Batteries don’t last forever. We replace 100 million car batteries in the United States every year. That’s a lot of batteries!
The average lifespan of a car battery is around three years, but sometimes we wear them out sooner. If your car won’t start, it may be because the battery is dead.
But what will drain your car’s battery? Several things can cause your car battery to drain. Read on to learn some of the most common culprits.
Oops, You Left a Light On
The fastest battery drain is leaving your headlights on all night. It’s the most common reason for a dead battery and an easy mistake.

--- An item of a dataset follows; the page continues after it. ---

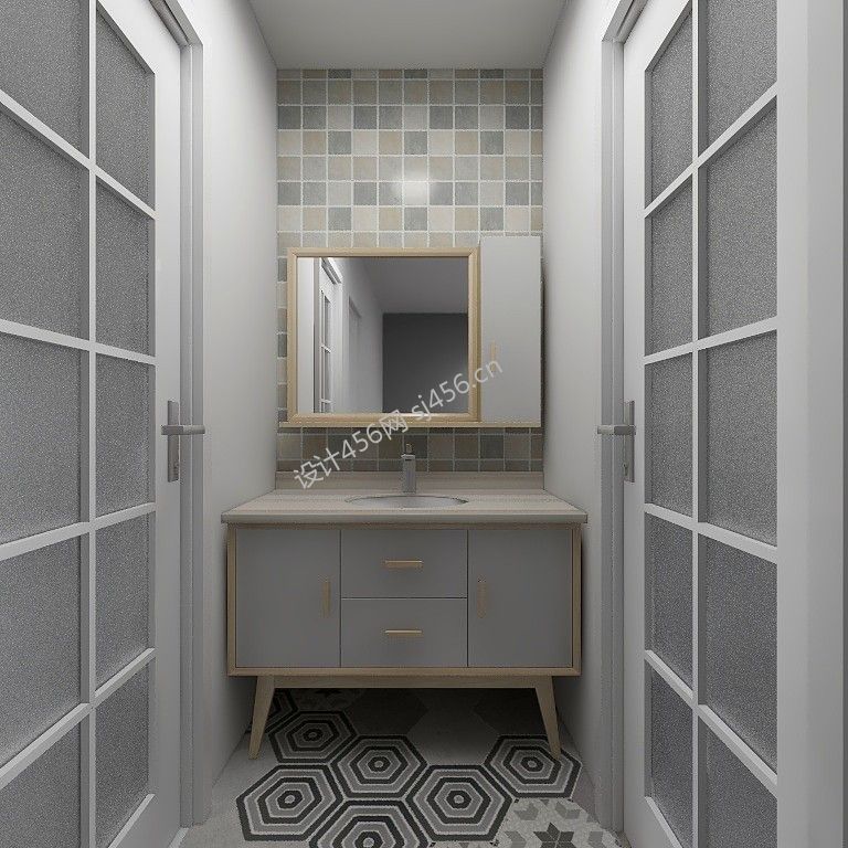 80㎡北欧简约风二居室卫生间洗漱台装修效果图
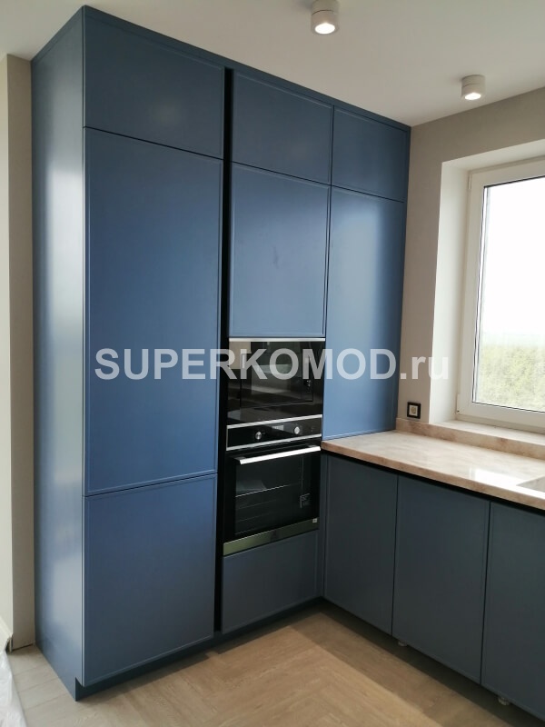 Кухонный гарнитур п-образной формы в синем цвете со столешницей из искусственного камня. Встроенная раковина, плита и духовой шкаф. Встроены ящики и полки, имеются антресоли.

A forgotten interior dome light seems like a small thing, but it can add up! Even though it only draws a little power, it finishes off an already weak battery if left on overnight.
To avoid this, check all lights before you leave your vehicle. That includes headlights, taillights, interior lights, and any other lights that may be on.
Most new cars have a feature that will turn the lights off automatically, but it’s still a good idea to check. Remember to turn the lights off when you park if you have an older car.
An Old Battery
A dead car battery could be the result of age. After a few years, batteries lose their ability to hold a charge. It is especially true if you don’t regularly drive your car.
You can prolong the life of your battery with routine drives to keep it charged. But eventually, you’ll need to replace it.
If you have an older car, keeping a spare battery on hand is a good idea. That way, you’re not stranded if your battery dies.
Battery Connection Issues
Check for a loose, corroded, or damaged battery terminal. If the connection is weak, it won’t matter how strong your battery is. A bad connection causes a strain on the battery, which will drain it faster.
A loose connection can also cause your alternator to work harder than needed. It will shorten the lifespan of both your alternator and your battery.
What Drains Your Car Battery While It’s Turned Off?
A parasitic draw will slowly drain your battery, even if the car is parked and turned off. A parasitic draw may be the culprit if your battery is dead after leaving your car parked for a few days.
Faulty Wiring or Damaged Connections
Faulty wiring can also prevent your battery from starting your car. Look for any cracks or damage in the wires. If you see any, have them repaired as soon as possible.
Having your vehicle’s electrical system checked regularly is also a good idea. That will help you spot any issues before they cause problems.
Get Moving Again
Car battery problems are frustrating. But they’re often easy to fix if you know what drains your car battery. If you know how to jump-start a car, you can usually get going again without too much trouble.